Shumai (Meta)
What is Shumai (Meta)?
Shumai, created by facebookresearch, is a fast and efficient differentiable tensor library for JavaScript and TypeScript. Leveraging Bun + Flashlight, Shumai is ideal for both software engineers and researchers.
Features
- High-Performance Computing: Utilizes Bun + Flashlight for optimized tensor operations, providing speed and efficiency on par with native solutions.
- Cross-Platform Support: Works seamlessly on MacOS and Linux, with experimental support for Windows via Docker + WSL2.
- Fast Differentiation: Supports automatic differentiation, enabling the quick creation and training of machine learning models.

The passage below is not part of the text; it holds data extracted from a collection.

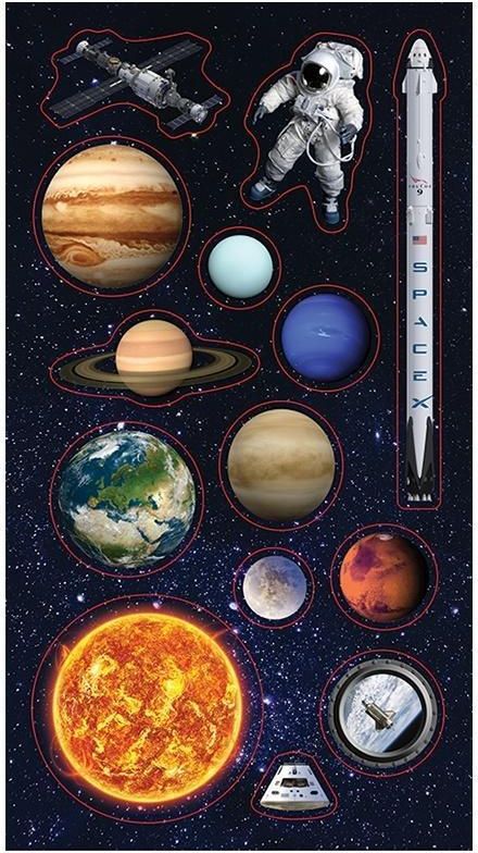 Zestaw naklejek do ozdoby zeszytów, albumów, listów, pocztówek - 14 kosmicznych obiektów. Wymiary: 150x80x20 mm Grupa wiekowa: 3+ Opakowanie: folia
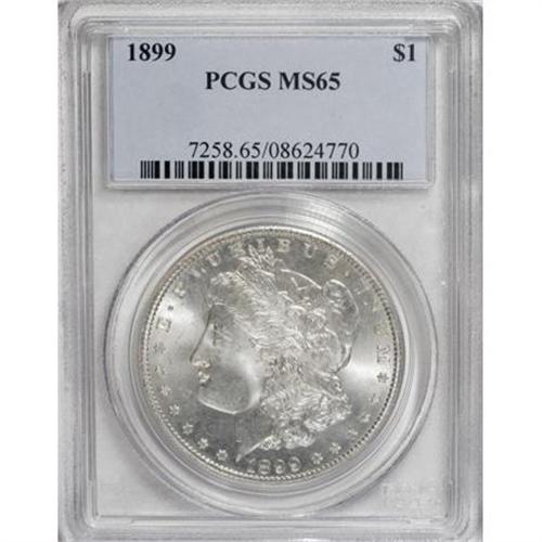 <B>1899 $1 MS65 PCGS.</B></I> Crisply struck and lustrous with pleasing preservation. Brilliant aside from a small darkly toned planchet flaw on the reverse rim at 10:30. A popular low mintage issue.<BR><BR><b>Shipping:</b> Coins & Currency (<a target="_blank" href="http://www.heritageauctions.com/common/shipping.php">view shipping information</a>)
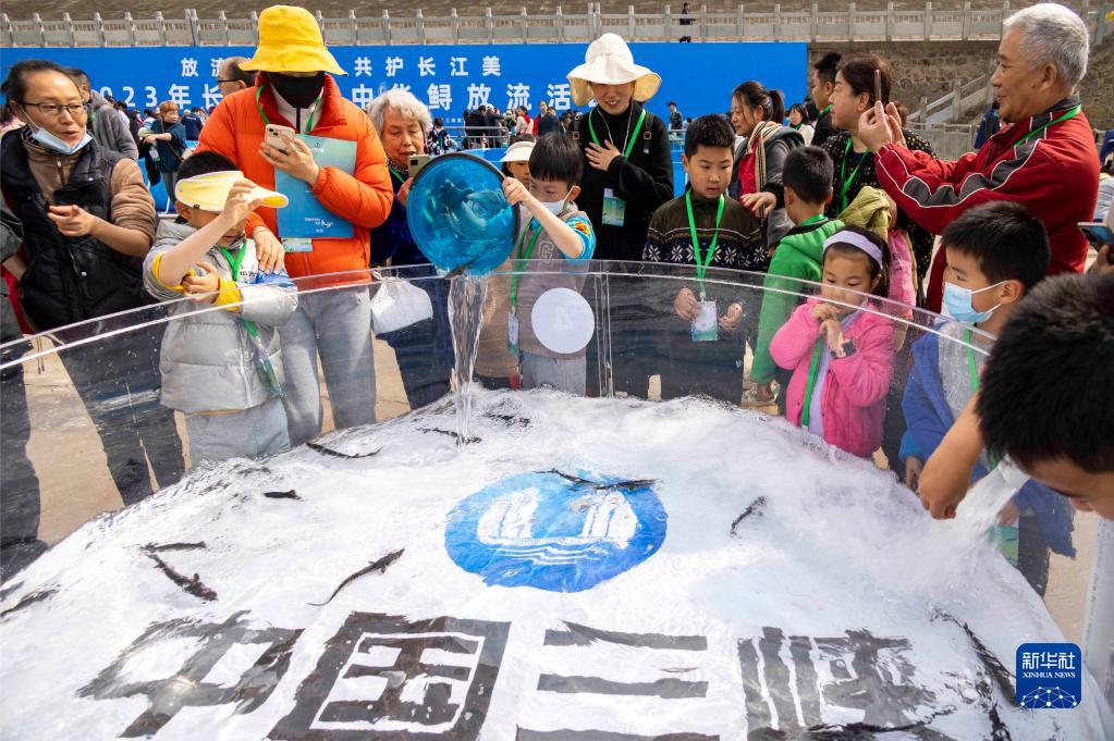 3月26日,小朋友在活動(dòng)現場(chǎng)放流中華鱘。

- Easy Integration: Native typed arrays and JIT compiler make data manipulation simple and efficient, enhancing application development.
- Active Development: Open-source and MIT licensed, with an ongoing commitment to improvements and community contributions.
Use Cases:
- Machine Learning Model Training: Train small to medium-sized machine learning models with fast FFI bindings and expressive syntax.
- Data Preparation: Manipulate data effortlessly in JavaScript, preparing it for complex computations and training.
- Scientific Research: Conduct research with powerful tensor computations, leveraged efficiently on both CPU and GPU architectures.
- Application Development: Build applications with robust numerical computations backed by Shumai's high performance tensor operations.
Shumai stands out as a premier choice for developers and researchers needing a robust and performant differentiable tensor library in the JavaScript ecosystem, enhanced by the power of Bun + Flashlight.